Rich's `Markdown` class converts the markdown_it token tree into rich
text + tables + syntax-highlighted code blocks for terminal display.
Works in CodeBench's in-app terminal.

---

## iOS notes

Both packages are pure Python — they work identically on iOS and any
other platform. No native extensions, no platform-specific paths.

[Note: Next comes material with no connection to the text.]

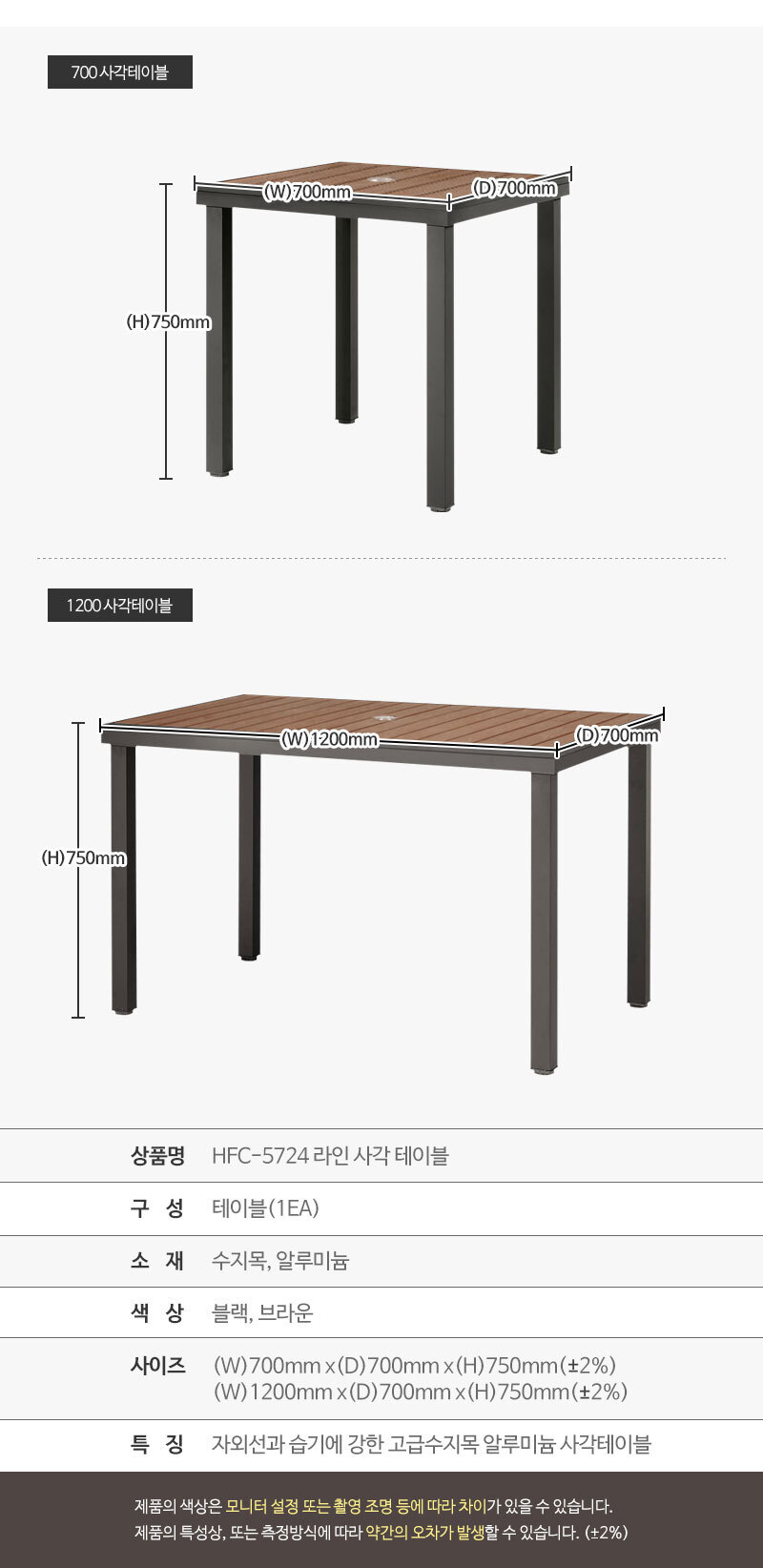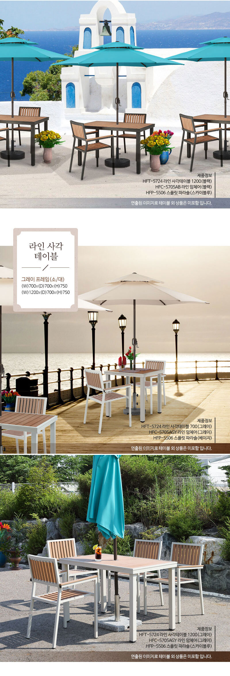 고급 수지목 4인 사각 1200 야외 파라솔용 테이블

- **`markdown_it/main.py`** has a guarded `import linkify_it` —
  optional dep, skipped if absent. Linkify URL auto-detection
  silently turns into a no-op without it.
- **CLI** (`python -m markdown_it`) reads stdin / file, prints HTML.
  Works in CodeBench's terminal.

---

## Limitations

- **Pure Python** — slower than C implementations (`mistune` ext,
  upstream `markdown` package's C accelerators). Fine for documents
  under ~1 MB; noticeable for huge corpora.
- **No streaming parser** — input parsed all at once.
- **HTML in Markdown sanitised by default** — `<script>` tags etc.
  passed through as text. Set `html=True` in MarkdownIt options to
  allow inline HTML (trusted input only).
- **`linkify-it` not bundled** — auto-URL detection rule is registered
  but skipped at runtime. `pip install linkify-it-py` to enable.

---

## Build provenance

- **markdown-it-py 3.0.0** — pure Python, identical to upstream PyPI
  wheel
- **mdurl 0.1.2** — pure Python, identical to upstream

Both minimal-dependency; bundled because rich declares them as required.